Data Encryption at Storage on Alibaba Cloud

Data has become the new currency for many businesses of today, as it can provide valuable insights into markets for organizations to gain an upper hand over their competition. However, access control methods such as Anti-DDoS and firewalls (WAF) alone are not enough; businesses need to protect their data through encryption as well. Encryption is necessary, as it allows you to securely protect data and limit access to the data to only those with the correct security keys.

OSS Encryption

OSS supports client-side encryption and server-side encryption.

OSS Client-Side Encryption

Client encryption means that the encryption is completed before user data is sent to the remote server; whereas the plaintext of the key used for encryption is kept in the local computer only. Therefore, the security of user data can be ensured because others cannot decrypt data to obtain the original data, even if the data leaks.

• Main private key hosted by using KMS.
• Private key managed by the user.

OSS Server-Side Encryption

OSS supports server-side encryption for the data uploaded by users: When a user uploads data, OSS encrypts the user data and permanently stores the data with encryption; when the user downloads the data, OSS automatically decrypts the encrypted data, returns the original data to the user, and declares in the header of the returned HTTP request that the data has been encrypted on the server.

RDS Encryption

RDS supports SSL and TDE encryption.

SSL Encryption

RDS provides Secure Sockets Layer (SSL) for MySQL and SQL Server. You can use the server root certificate provided by RDS to verify whether the database service with the target IP address and port is provided by RDS, which can effectively prevent man-in-the-middle attacks. To guarantee security and validity, RDS allows you to enable and update the SSL certificates for servers.

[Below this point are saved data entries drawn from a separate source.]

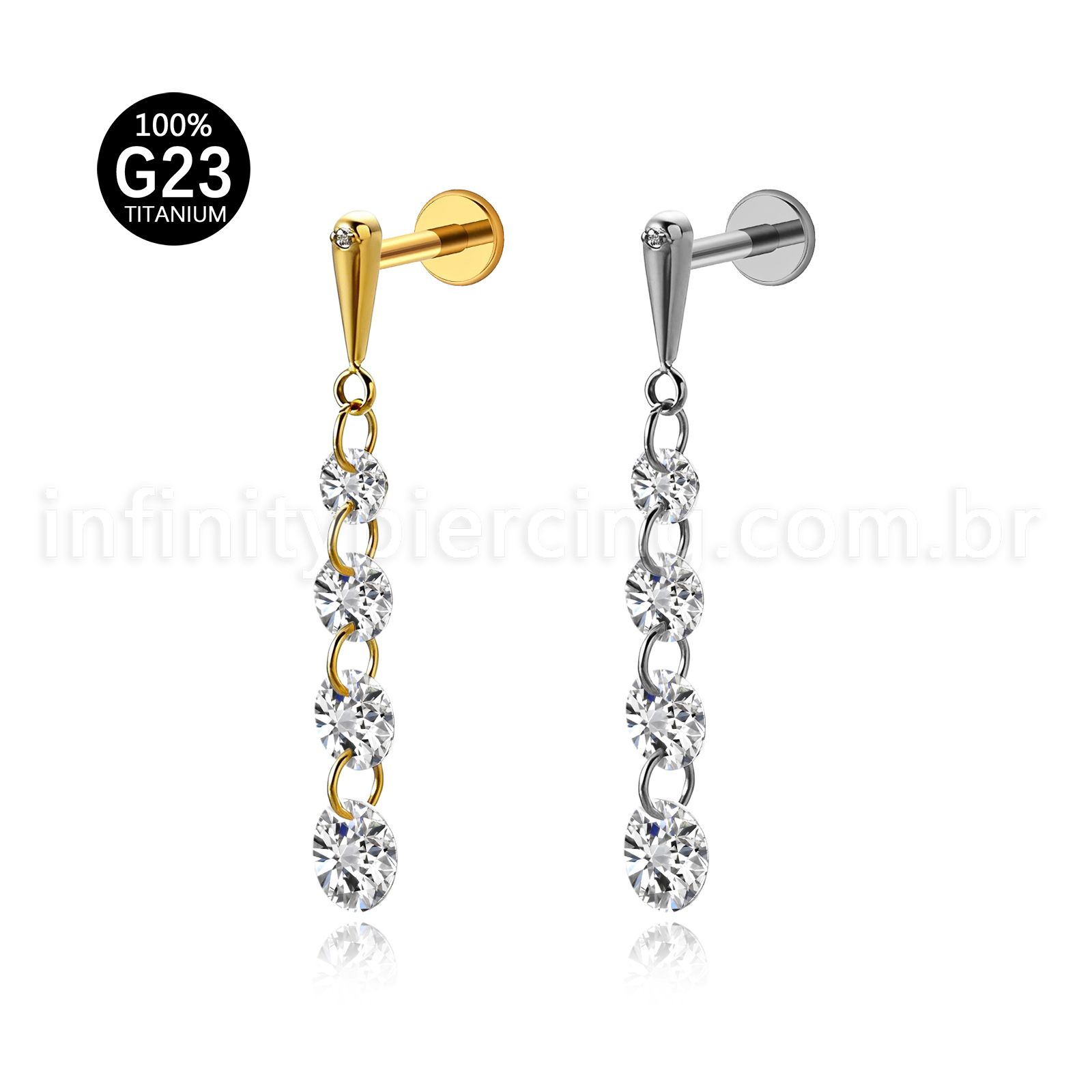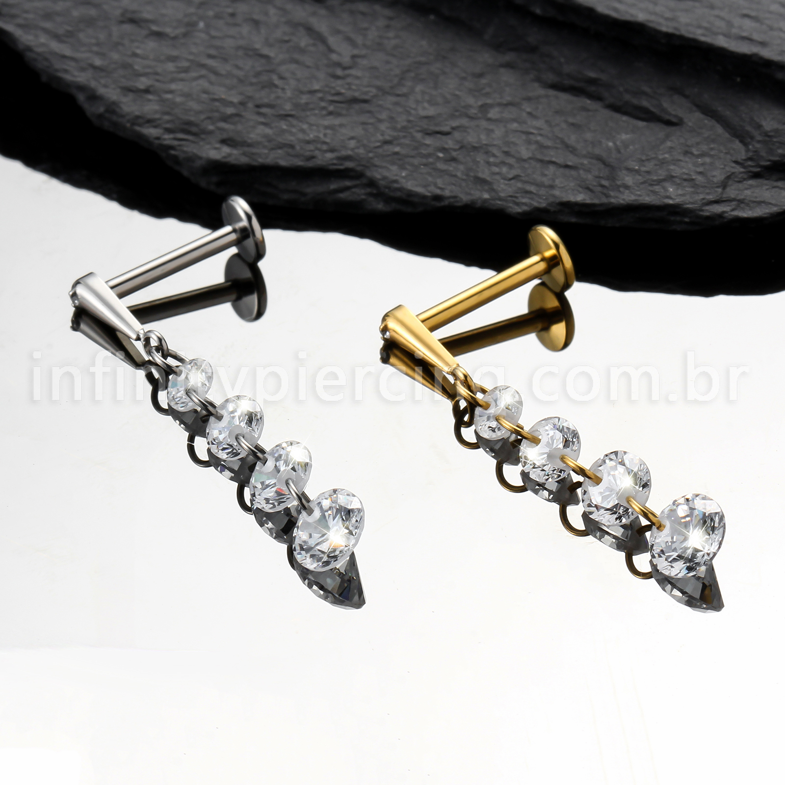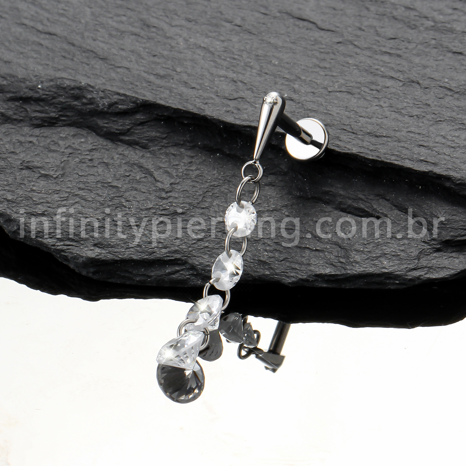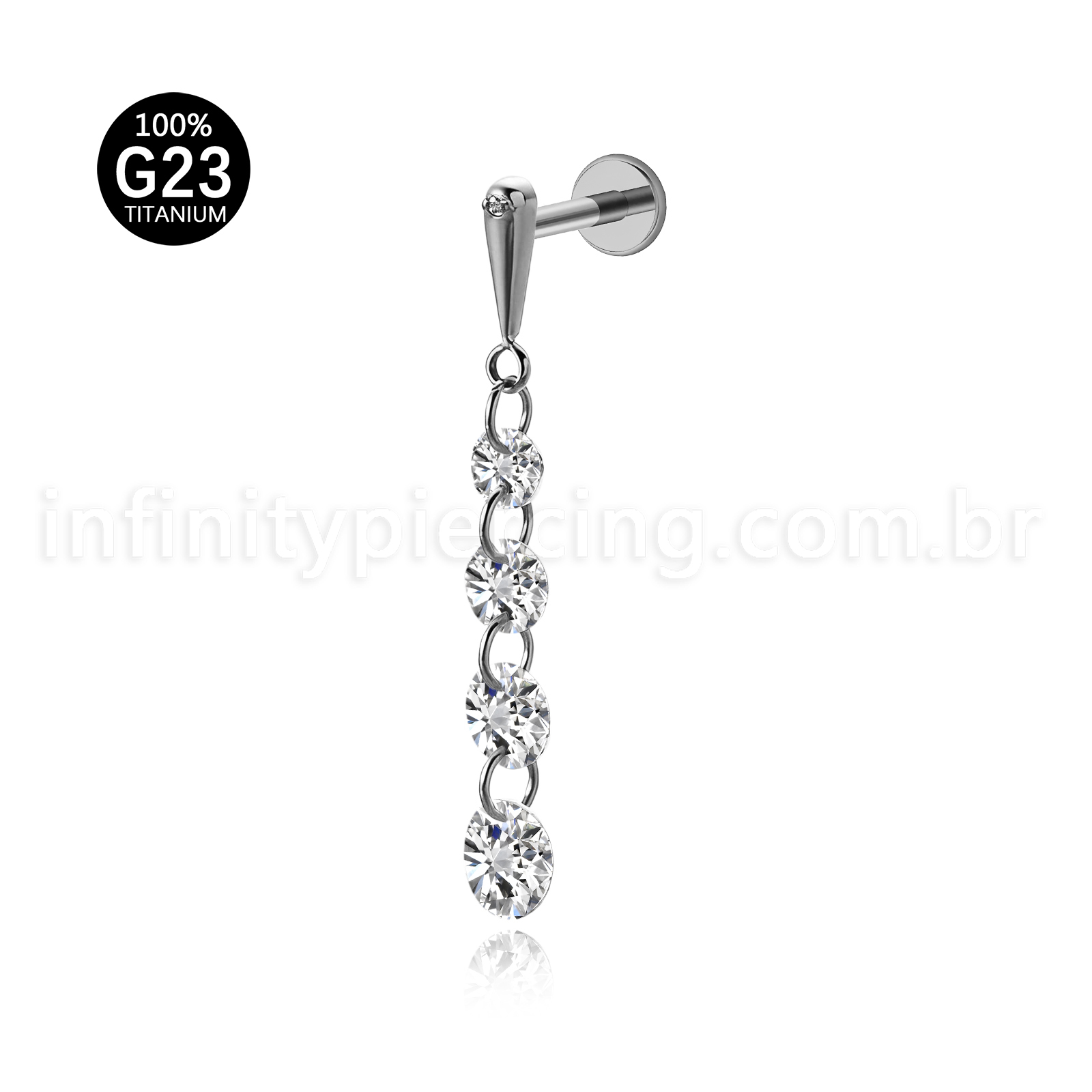 Piercing Labret Titânio Com Pingente Zircônias - Infinity Piercing
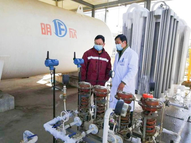 2月15日,在大家的共同努力下,中心供氧改造完成,在原有2台150立方米每小时的气化器的基础上增加了2台400立方米每小时的气化器。同时,张宏伟查阅图纸开通了每层病房的备用管道,绕过管道中的部分节流元件,提高液氧站的医用氧输出压力,从而提高了病房设备的医用氧流量和压力。“经过3天的运行,病房内呼吸机、高流量呼吸湿化治疗仪等设备用氧正常,整个东院病区的供氧问题总算是基本解决了。”
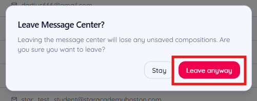 After clicking the List Settings button, you may see a pop-up window asking if you want to leave the Message Center. Click "Leave Anyway" to access the List Settings.
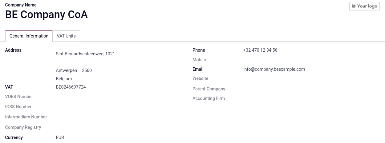To configure a VAT unit, go to , scroll down to the Companies section, and click Manage Companies. Select the company to serve the representative role, and in the General Information tab, fill in the mandatory fields for the .XML export when exporting the tax report: Company Name, Address, VAT, Tiền tệ, Phone, and Email.
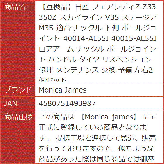 【互換品】日産 フェアレディZ Z33 350Z スカイライン V35 ステージア M35 適合 ナックル 下側 ボールジョイント ロアアーム
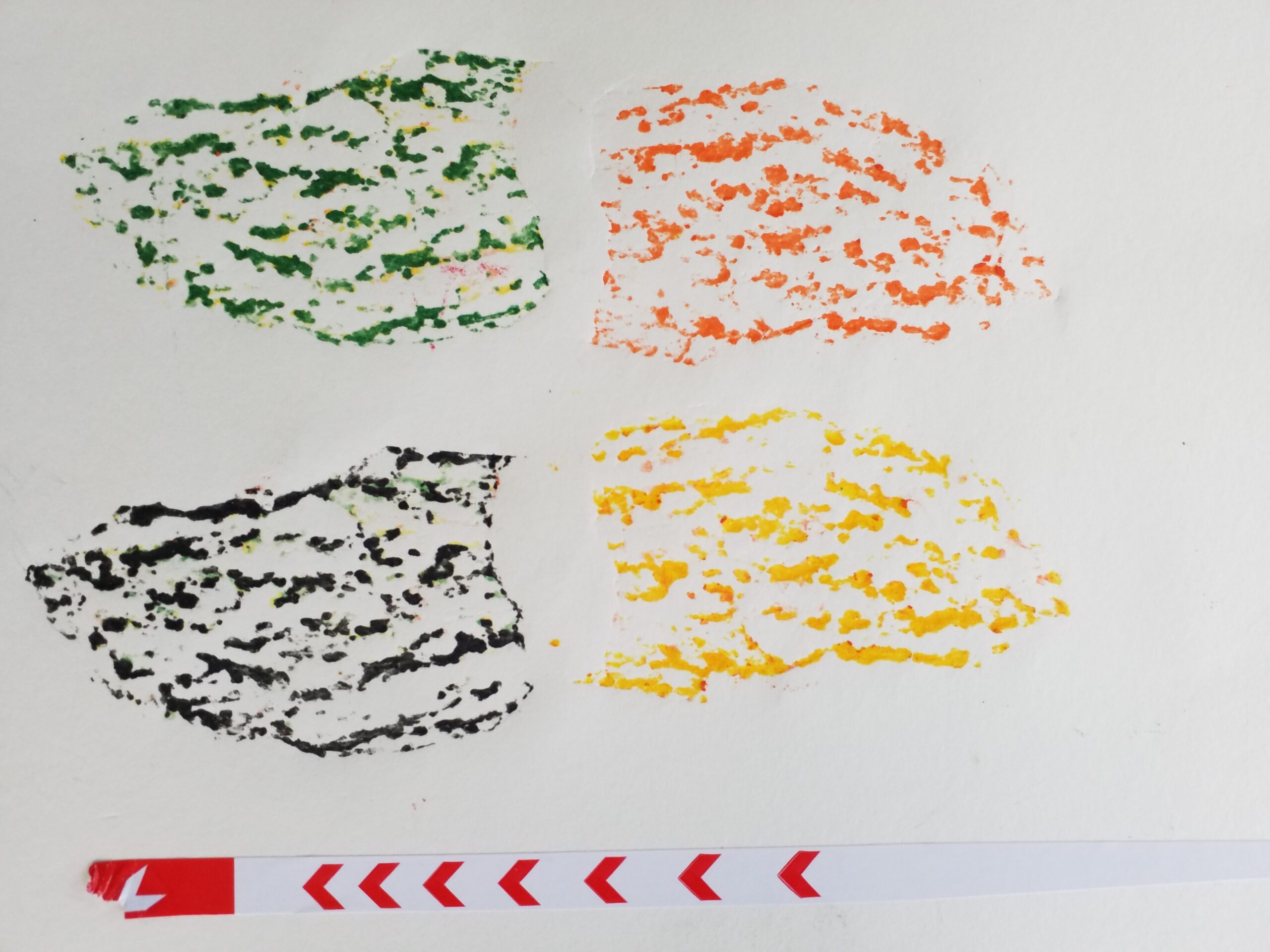 Das Bild zeigt vier farbige Abdrücke auf einem weißen Blatt Papier. Oben links befindet sich ein grüner Abdruck mit einer unregelmäßigen, strukturierten Oberfläche. Rechts daneben ist ein orangefarbener Abdruck, der ebenfalls unregelmäßig erscheint. Unten links ist ein schwarzer Abdruck, der durch einen hohen Kontrast geprägt ist. Rechts unten liegt ein gelber Abdruck, der leuchtend und unregelmäßig gestaltet ist. Unterhalb der Abdrücke verläuft ein weißes Band mit roten Pfeilen, das eine Art Markierung darstellt.
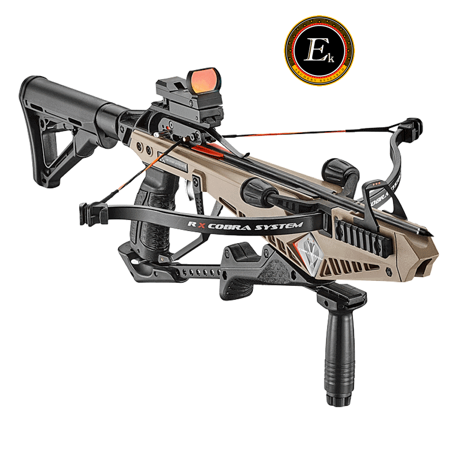 The EK Cobra System RX is the sister model of the absolute bestseller R9, the performance has been increased again compared to the R9: 130 pounds and 230 fps. This crossbow is self-cocking and therefore especially versatile and easy to use. In addition to a new colour scheme, which is very well received, there is also an innovation for the bow. It has string stops as standard.
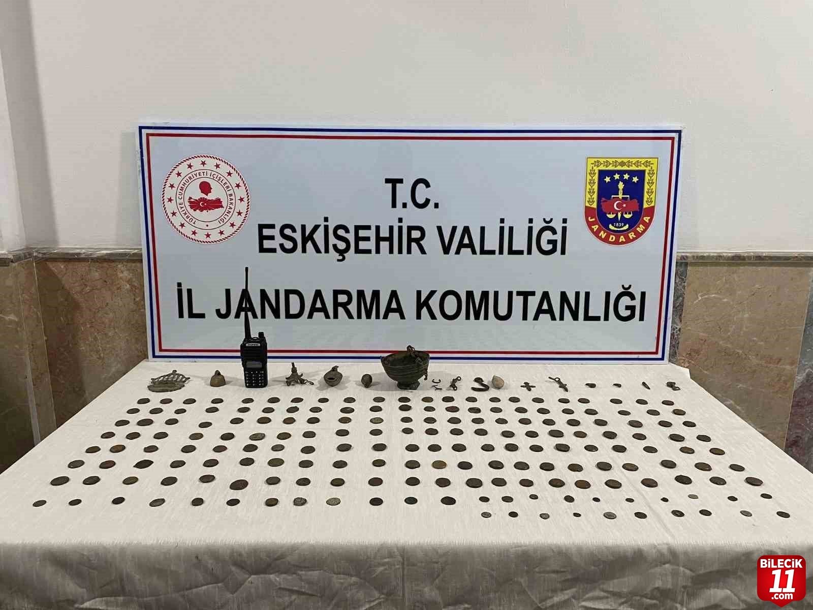 Eskişehir İl Jandarma Komutanlığı Kaçakçılık ve Organize Suçlarla Mücadele (KOM) Şube Müdürlüğü ekiplerince bir şahsın elinde bulundurduğu tarihi eser olduğu değerlendirilen Roma dönemine ait sikkeleri satmak için müşteri aradığı tespit edildi. Cumhuriyet Başsavcılığı ile koordineli olarak yapılan operasyon sonucunda yakalanan şahsın aracında yapılan aramada Roma dönemine ait olduğu değerlendirilen 186 adet bronz sikke, 15 adet obje, 2 adet yüzük ve 1 adet el telsizi ele geçirildi.
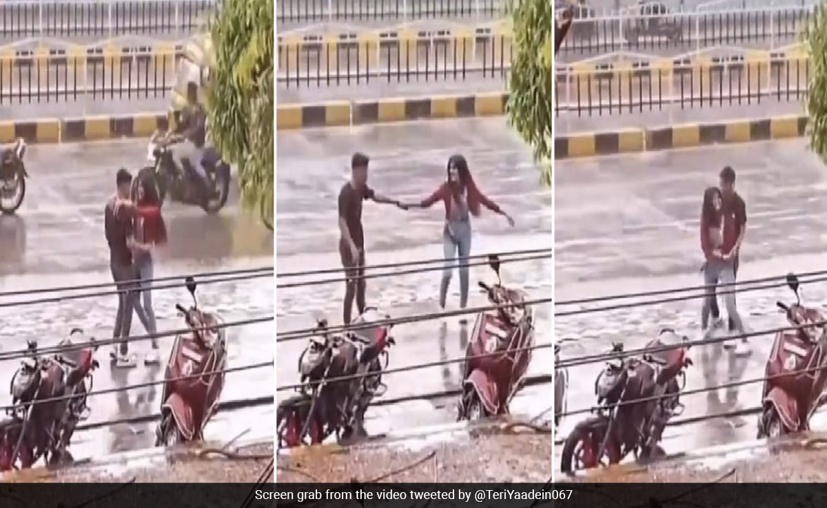 मध्य प्रदेश में मौसम ने करवट ले ली है. मानसून के दस्तक देते ही पूरा राज्य खुशनुमा हो चला है. इस बीच देश के सबसे क्लीन शहर कहे जाने वाले एमपी के इंदौर शहर में तड़कती-भड़कती गर्मी से राहत मिलते ही लोग घरों से बाहर आकर सुहावने मौसम का आनंद लेते नजर आ रहे हैं. ऐसे में सोशल मीडिया पर इन दिनों इंदौर शहर का एक रोमांटिक वीडियो लोगों का ध्यान अपनी ओर खींच रहा है, जिसमें एक कपल बाहों में बाहें डालकर सड़क पर झमाझम बारिश में भीगते हुए डांस करता नजर आ रहा है, जिन्हें देखकर लोगों को शाहिद-करीना के तुम से ही मोमेंट याद आ रहा है.
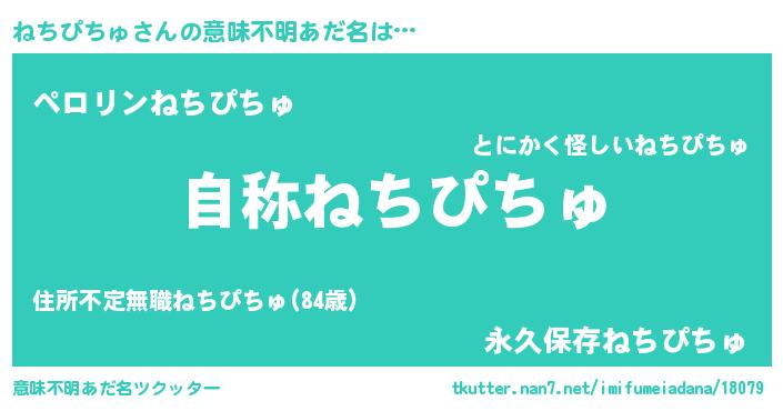 | 欧米人風あだ名 | 『ケンブリッジねちぴちゅ』 |
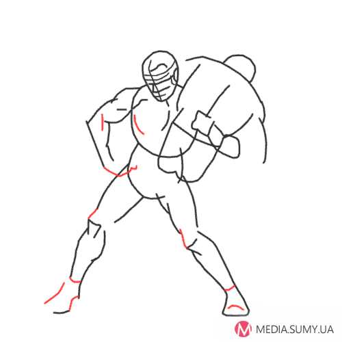 Шаг 4. В этом этапе подчеркнем некоторые детали первого бойца, второго оставим без изменений. Выделим форму груди, укажем складку на локтевом сгибе, нарисуем контур кисти руки, соединим верхнюю и нижнюю часть ног, изобразим очертания спортивной обуви на ногах.

Though RDS can encrypt the connection between an application and a database, the SSL service can run properly only after the application enables authentication on the server. In addition, SSL results in extra CPU resource consumption and affects the throughput and response time of RDS instances to a certain degree. The specific impact varies depending on the number of user connection times and the data transfer frequency.

TDE Encryption

RDS provides transparent data encryption (TDE) for MySQL and SQL Server. The TDE function of RDS for MySQL is developed by Alibaba Cloud, and the TDE function of RDS for SQL Server is based on the SQL Server Enterprise Edition.

You can specify the database or table to be encrypted in a TDE-enabled RDS instance. The data of the specified database or table is encrypted before being written to any device such as an HDD, SSD, or PCIe card, or to any service, such as OSS or Archive Storage. Therefore, data files and backups of the instance are all ciphertext.

TDE adopts the Advanced Encryption Standard (AES) algorithm. The key length is 128 bits. The key for TDE is encrypted and stored by KMS. RDS dynamically reads the key once when the instance is started or migrated. You can replace the key as needed on the KMS console.

For more information about the TDE encryption service, see Set Transparent Date Encryption.

ECS Disk Encryption

When you want to encrypt the data stored on a disk due to business needs or certification requirements, you can use ECS disk encryption function to encrypt cloud disks and shared block storage (referred to collectively as cloud disks, unless otherwise specified). This secure encryption feature allows you to encrypt new cloud disks. You do not have to create, maintain, or protect your own key management infrastructure, nor do you need to change any of your existing applications or maintenance processes. In addition, no extra decryption operations are required, so the operation of the disk encryption function is practically invisible to your applications and operations.

After an encrypted cloud disk is created and attached to an ECS instance, the data in the following list can be encrypted:

• Data on the cloud disk.
• Data transmitted between the cloud disk and the instance. However, data in the instance operating system is not encrypted.
• All snapshots created from the encrypted cloud disk. These snapshots are called encrypted snapshots.
• Encryption and decryption are performed on the host that runs the ECS instance, so the data transmitted from the ECS instance to the cloud disk is encrypted.

The ECS disk encryption function handles key management for you. Each new cloud disk is encrypted using a unique 256-bit key (derived from the CMK). This key is also associated with all snapshots created from this cloud disk and any cloud disks subsequently created from these snapshots. These keys are protected by Alibaba Cloud's key management infrastructure (provided by KMS). Your data and the associated keys are encrypted using an industry-standard AES-256 algorithm.

Alibaba Cloud's overall key management infrastructure conforms to the recommendations in (NIST) 800-57 and uses cryptographic algorithms that comply with the (FIPS) 140-2 standard.

Each Alibaba Cloud ECS account has a unique CMK in each region. This key is separate from the data and stored in a system protected by strict physical and logical security controls. Each encrypted disk uses an encryption key unique to the specific disk and its snapshots. The encryption key is created from and encrypted by the CMK for the current user in the current region. The disk encryption key is only used in the memory of the host that runs your ECS instance. The key is never stored in plaintext in any permanent storage media (such as a disk).